Interventions de la salle : quelqu’une évoque l’incendie de Nice au début de l’été lié au trafic de drogue. Quelqu’un parle de Marseille : il faut envisager autre chose et éviter de tomber dans la surenchère répression-légalisation. Quelqu’une adjointe à la politique de la ville à Bordeaux affirme qu’il faut plus de police de proximité et pénale. Autre question : Il faut s’attaquer aux flux financiers : comment peut-on faire ? Que propose-t-on aux jeunes qui font du trafic ? Les logements sociaux sont souvent payés par l’argent de la drogue. Il y a une réelle difficulté de l’accompagnement social des gens en difficulté.
Jérome Durain rappelle en avançant le sujet de la corruption dans l’ensemble des services publics en raison du narcotrafic et notamment au niveau des douanes et des ports. La numérisation et la publicité rendent encore plus délicats la lutte contre les trafiquants. L’ensemble du système de la drogue se comprend au regard de la misère sociale de nos territoires. Il faut dégager la justice et la police de l’ensemble. Il faut insister sur l’importance de l’éducation et de la prévention. D’une manière plus générale il faut se poser aussi la question de la place des drogues dans la société. Il y a très peu de débats sur ce sujet de société. Pourquoi pas une idée de Grenelle du trafic de drogue pour des solutions policières judiciaires et préventives.
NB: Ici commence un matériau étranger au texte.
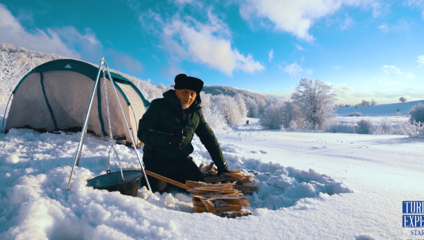 Saša je poneo šator i, naravno, kulinarsku opremu jer za pravog eksperta granice ne postoje. Nacepao je drva i uspeo da založi vatru na kojoj je napravio čorbu kako bi se ugrejao po jakoj zimi koja ga je zadesila.

Guy Benarroche conclut le fait que la baisse des consommateurs n’entraine en rien la baisse des vendeurs et a fortiori des trafiquants. C’est le trafic en lui-même et l’offre qui génère la demande. Les trafiquants achètent des franchises comme n’importe quelle entreprise privée, à la seule différence que s’ils n’achètent pas financièrement, ils passent par le règlement de compte. La situation du narcotrafic aujourd’hui reflète la période avant la mise en place du droit du travail et de la protection des travailleurs. Une des solutions réellement efficaces tient dans la confiscation des biens et le contrôle des flux. Le trafic de drogue, c’est 6 milliards de chiffre d’affaires et 200 000 personnes qui travaillent pour ce trafic. Les jeunes sont menacés s’il manque des produits qu’ils doivent rembourser. Des fois pour gagner des parts de marché des jeunes employés par d’autres sont tués. Guy Benarroche pense qu’on est loin du problème réel qui est posé, on n’en a pas conscience. Le gouvernement n’a rien sur ce sujet, aussi le Sénat fera une proposition de Loi.
Suite à cet atelier, cette proposition de la commission d’enquête du Sénat confirme l’urgence qui est de s’attaquer aux véritables commanditaires de ces actions criminelles. C’est une véritable réponse politique qui doit être apportée face à ce danger qui peut toucher tous les territoires en France. Avec la mise en place de réformes structurelles, judiciaires et une coopération Européenne et Internationale.